澹台倾走到买枣子的摊子前,伸手捡了颗枣子,拿起来闻了闻。她记得这个味道,涩涩的,就像自己现在的心情。
“哟,澹台将军!”卖枣子的伙计见了她立马迎了上来,笑盈盈地说:“我们这可是老字号了,这枣子又酸又甜,一颗颗比拇指还大!您尽管尝,好吃就多拿些!”
她把枣子放回去,对伙计说:“我买一斤。”
“不不不,”伙计冲她一咧嘴,“您可是大将军!我家娃子可崇拜您了!几个枣子算不得什么,怎么能要您的钱呢!”说着把包好的枣子地给她。
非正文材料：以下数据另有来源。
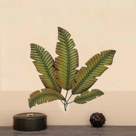 Bring exotic vibe to your abode with this palm tree leaves Wall Decor. It is made up of metal and features natural lime green and brown finish. It reflects the silhouette of a ย tree branch with five leaves with real like aesthetics. One can accommodate this wall decor to their home or office interiors for a simple yet effective update to the existing appearance. It can even be used in spa centers, yoga rooms, or meditating rooms, creating natural aura all around. Lightweight iron construction with hardware in the back makes this easy and ready to hang in your entryway or as a living room centerpiece for a tropical vibe.
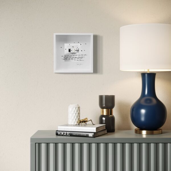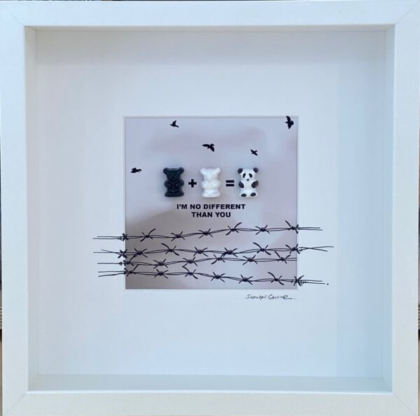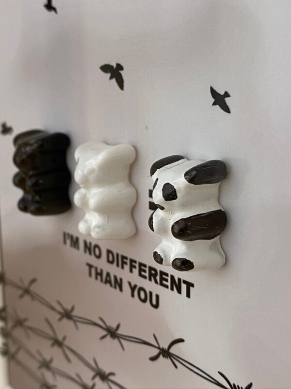 Assemblage sur papier photo brillant, collage sculpture en alliage aluminium et acier, ourson peint et vernis à la main.
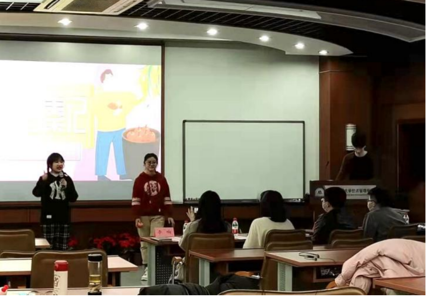 在学生学习与学业发展指导中心讲师团,俞新宁作为朋辈讲师,累计授予四节大课,三十余节小课。每次为同学们答疑解惑时,看到大家脸上茅塞顿开的神情,她都能收获到满满的动力。她还在经管91麻豆的学业辅导中心,为大一的学弟学妹们命制英语期中模考题,并开展了习题解析课,帮助他们更加从容应对英语考试。
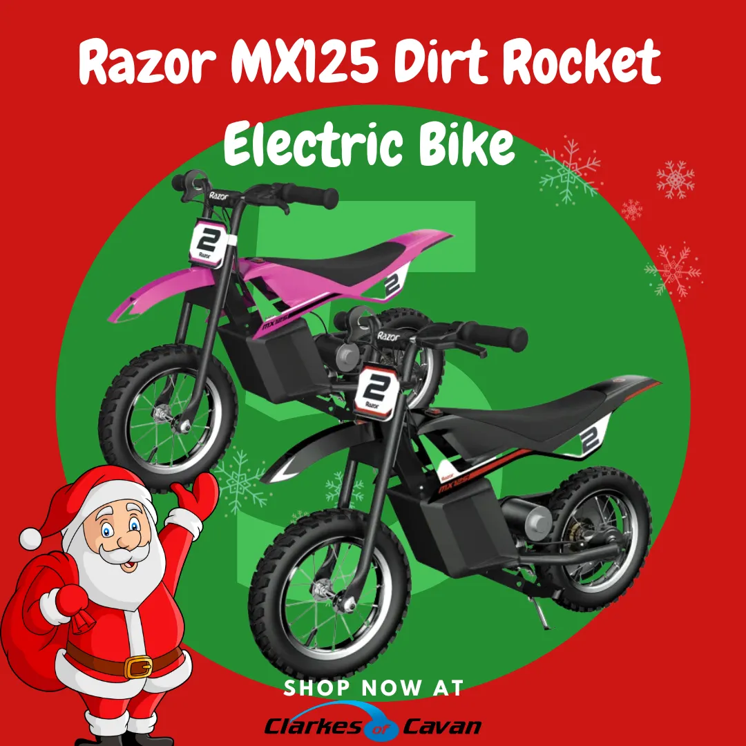 Razor's MX125 is the smallest electric dirt bike, designed for off-road confidence and performance. With authentic MX frame geometry, knobby tires, and a twist grip throttle, it provides an adrenaline-pumping introduction to off-road adventure for riders aged 7 and up.
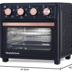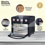 - Morphy Richards AirCrisp is 25 Litre Large capacity Air Fryer Oven with premium Black & Rose gold finish – to fit in modern kitchen. It has All in One feature – Air Fry, Dehydrate, Bake, Toast, Broil & Warm
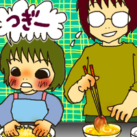 ちょっと自分でさっさと済ませてしまいたかったのですが気付かれては仕方が無い。時間がかかって面倒だとは思いましたが、仕上げのパン粉付けをやってもらうことにしました。
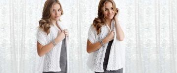 Для вязания потребуется: 3 мотка пряжи Lace Sequin (68% акрил, 14% полиэстер, 9% шерсть, 9% мохер; 314 м/70 г); спицы 4 мм.

大将军。她在心中轻叹了一声,若是当年那个卖枣子的知道偷他枣子的人如今身份这等,不知会有何想法。
澹台倾接过枣子,趁伙计不注意,将一锭银子放在摊上,悄无声息走回天策府。
星夜寂静。天策府的夜是肃穆得可怕的,四处重兵把守,整齐的脚步声一遍接一遍地响,忽近忽远。澹台倾穿着绯色长裙坐在月光下,怀里揣着那包枣子。她吃了一颗又一颗,细嚼慢咽,枣子还是那么酸,只是吃着再没有那种快感,也不会再掉眼泪。
也是,再也没有人会陪着她哭了,那她一个人流泪,又有什么意思?
蓦然抬头,她恍惚记得有一次深夜,她率军围城。敌邦城破之时,伴随狼烟四起的还有可撼天地的呜咽哭声,她提着枪踏过敌人的尸体来到被俘的平民面前,皱起眉,这些平民大多为女子,有老有少。询问之下才得知,城里的成年男子都被征去当兵了,去了好再也没有回来。有老妇在家中盼望儿子归来,有少妇日夜思念自己的丈夫,有少女时刻惦记着心上人回乡成亲。然而她们等来的只有敌人的刀剑和自己儿子、丈夫、心上人的冰凉尸骨。
最痛莫过心死,自此之后心死之人又徒添多少?
澹台倾默默地听她们哭喊,心头一紧,吩咐道:“将这些士兵葬好,再发给每人一些银两衣物,让她们吃饱了再离开。不愿走的,就帮她们置些家室,让她们留下。”
毕竟,她也是个女子。等了五年,却要与要等之人相背而驰越走越远,也不过是心死。
“阿倾。”
澹台倾一愣,望见一个穿着鹅绒色长裙的女子走了过来,正是那日与陆少渺对话的那个女子。她走到澹台倾面前停下,展颜一笑,“你回来了啊。”
“伽涟,你怎么来了?”澹台倾颇感惊喜,站起身来,怀中的枣子却散了一地。女子躬身拾起一颗,放在手心把玩,笑了一声,反问:“我怎么不能来?”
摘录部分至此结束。